On 5/21/22 12:49, Frode Nordahl wrote:
> On Thu, May 19, 2022 at 3:39 PM Frode Nordahl
> <frode.nord...@canonical.com> wrote:
>>
>> On Sat, May 14, 2022 at 2:10 AM Ilya Maximets <i.maxim...@ovn.org> wrote:
>>>
>>> On 5/13/22 10:36, Frode Nordahl wrote:
>>>> On Fri, Mar 11, 2022 at 2:04 PM Liam Young <liam.yo...@canonical.com> 
>>>> wrote:
>>>>>
>>>>> Hi,
>>>>>
>>>>> <tl;dr> Commit 355fef6f2 seems to break connectivity in my setup</tl;dr>
>>>>
>>>> After OVN started colocating sNAT and dNAT operations in the same CT
>>>> zone [0] the above mentioned OVS commit appears to also break OVN [1].
>>>> I have been discussing with Numan and he has found a correlation with
>>>> the behavior of the open vswitch kernel data path conntrack
>>>> `skb_nfct_cached` function, i.e. if that is changed to always return
>>>> 'false' the erratic behavior disappears.
>>>>
>>>> So I guess the question then becomes, is this a OVS userspace or OVS
>>>> kernel problem?
>>>>
>>>> We have a reproducer in [3].
>>>>
>>>> 0: 
>>>> https://github.com/ovn-org/ovn/commit/4deac4509abbedd6ffaecf27eed01ddefccea40a
>>>> 1: https://bugs.launchpad.net/ubuntu/+source/ovn/+bug/1967856
>>>> 2: 
>>>> https://elixir.bootlin.com/linux/latest/source/net/openvswitch/conntrack.c#L683
>>>> 3: https://bugs.launchpad.net/ubuntu/+source/ovn/+bug/1967856/comments/6
>>>>
>>>
>>> Hrm.  I think, there is a logical bug in implementations of ct()
>>> datapath action in both datapaths.
>>>
>>> The problem appears when the OpenFlow pipeline for the packet contains
>>> several ct() actions.  NXAST_CT action (i.e. every ct() action) must
>>> always put the packet into an untracked state.  Tracked state will be
>>> set only in the 'recirc_table' where the packet is cloned by the ct()
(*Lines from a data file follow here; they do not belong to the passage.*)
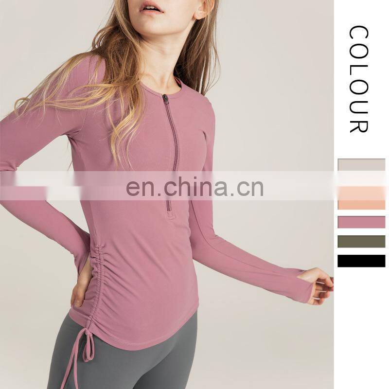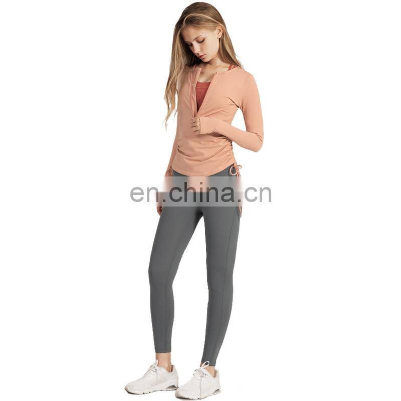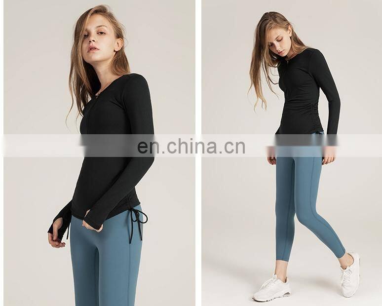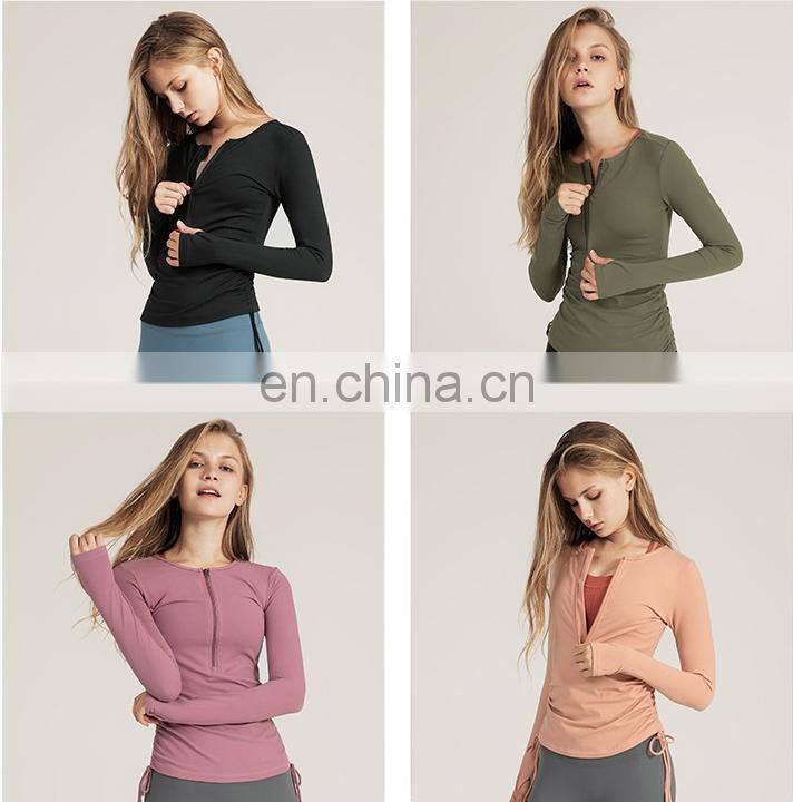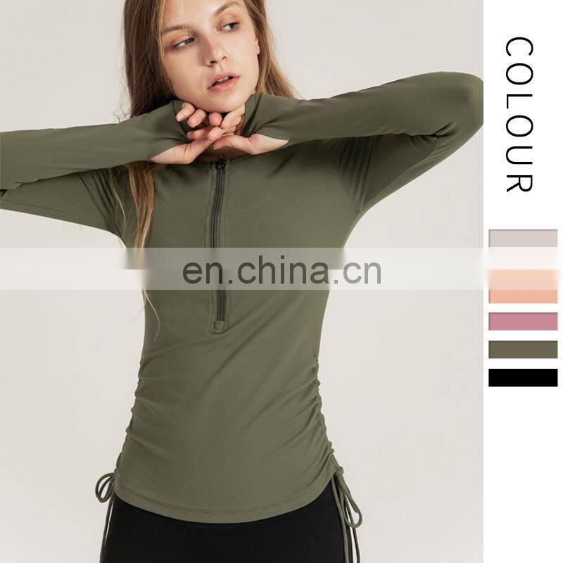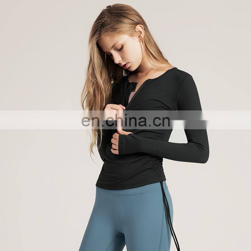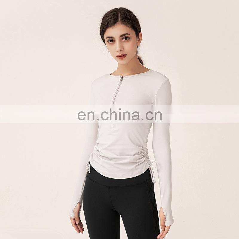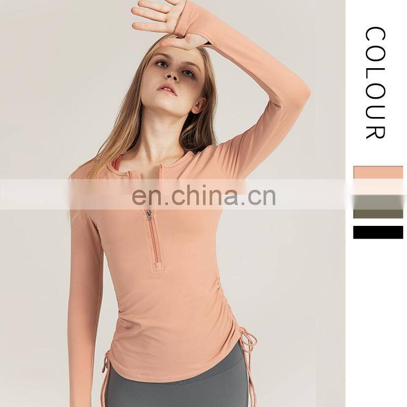 Wholesale Fitness Gym Wear Long Sleeve Tee for Women Side Draw String Yoga T-shirts Half Zipper Sexy Gym Top Ladies Sportswear
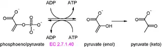 Step 10: Substrate-level phosphorylation. Pyruvate synthesis catalysed by pyruvate kinase:
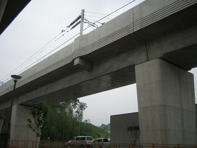 | 再び下りになるとまもなくセンター北駅になります。 | 遊歩道から外れて従来の道路からの撮影。 架線柱がよく見えています。 |
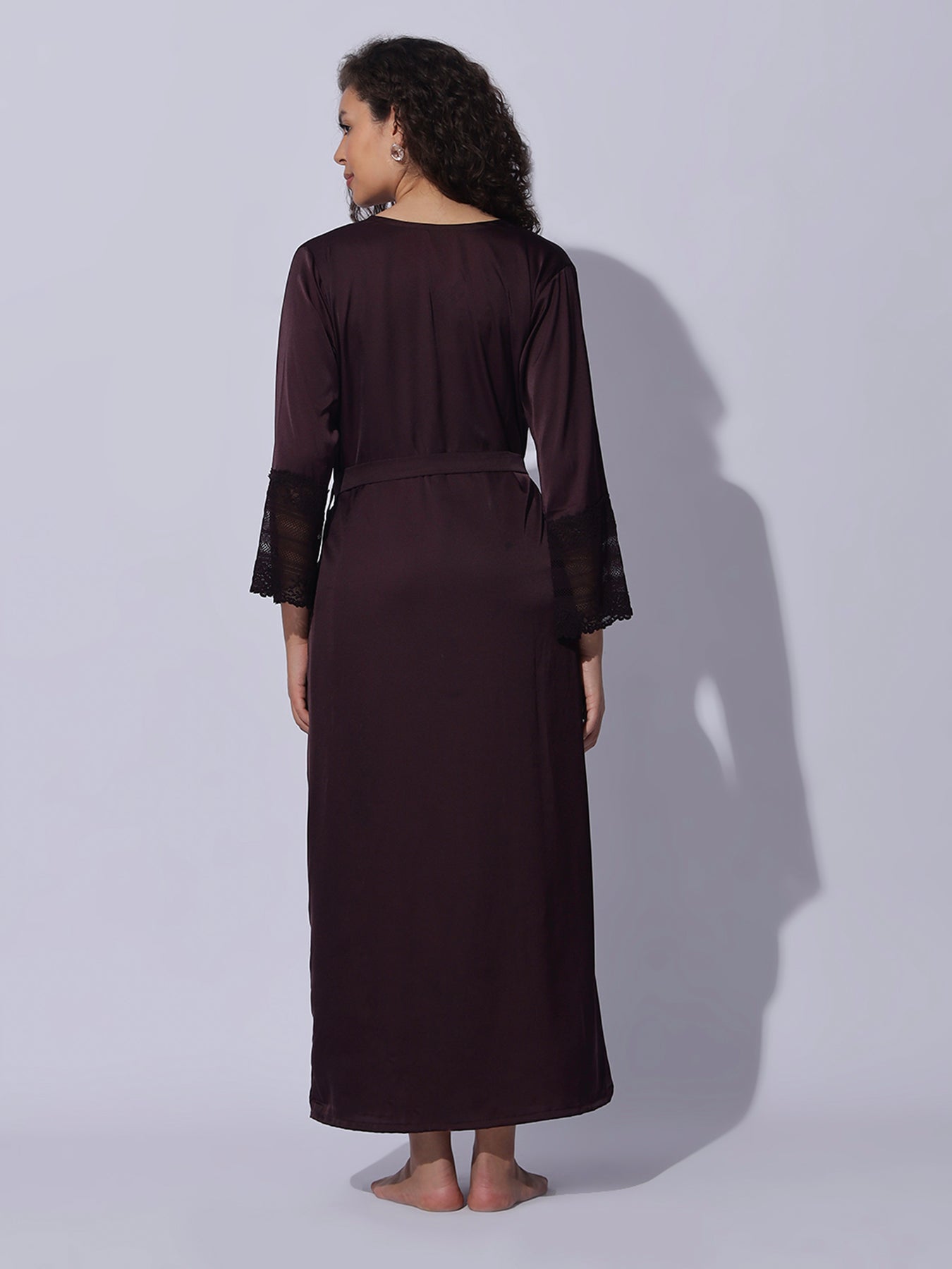 Satin long robe and night gown set in rich cocoa wine shade
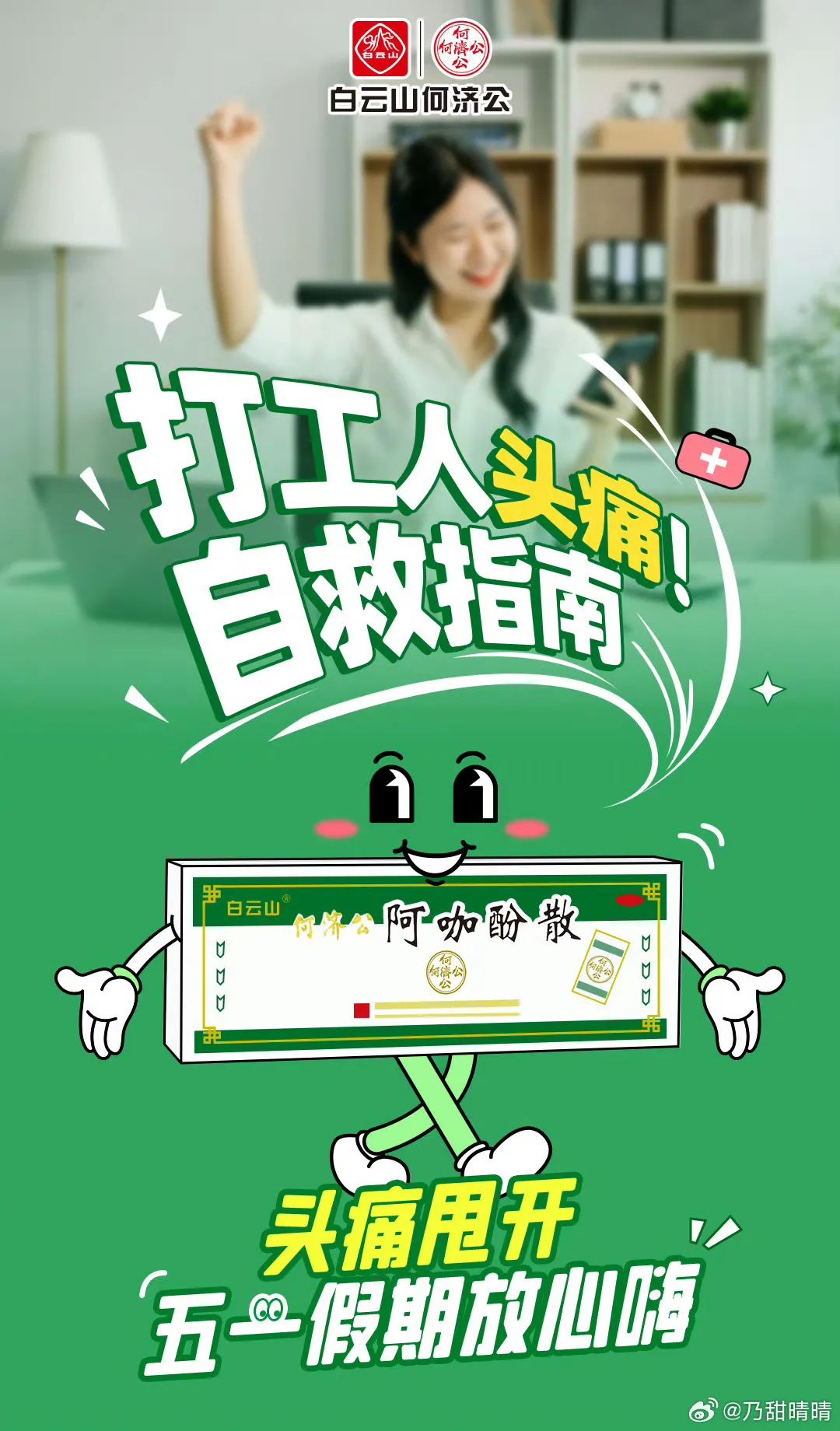 还有今年五一假期,#上4休5上4#、#当苹果闹钟遇上调休#等关于调休的话题又一次上了热搜。针对调休让很多打工人头痛不已这一普遍情绪,白云山何济公药业打造了一个#跟头痛说bye跟五一说hi#的微博话题,来推广旗下产品阿咖酚散,打造“打工人头痛自救指南”,取得了非常好的传播效果。
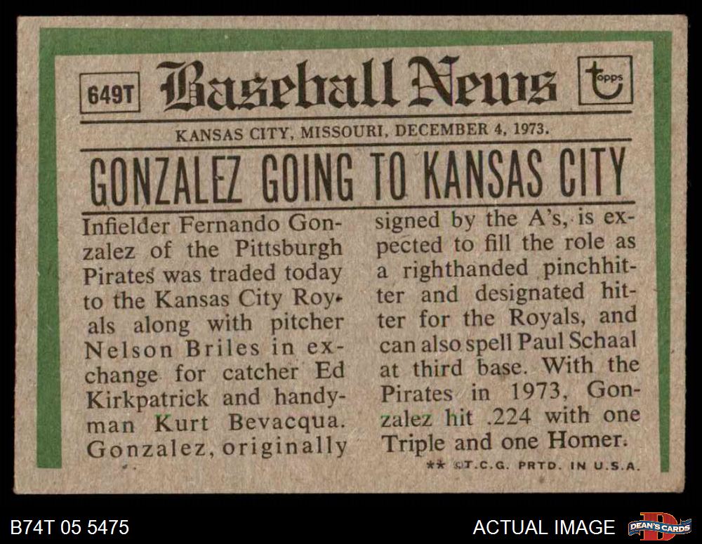 1974 Topps #649 T  -  Fernando Gonzalez Traded Front Thumbnail

>>> action for further processing.
>>>
>>> If an OF pipeline looks like this:
>>>
>>>   actions=ct(),something,something,ct(),something
>>>
>>> each action must be entered with the 'untracked' conntrack state in
>>> the packet metadata.
>>>
>>> However, ct() action in the datapath, unlike OpenFlow, doesn't work
>>> this way.  It modifies the conntrack state for the packet it is processing.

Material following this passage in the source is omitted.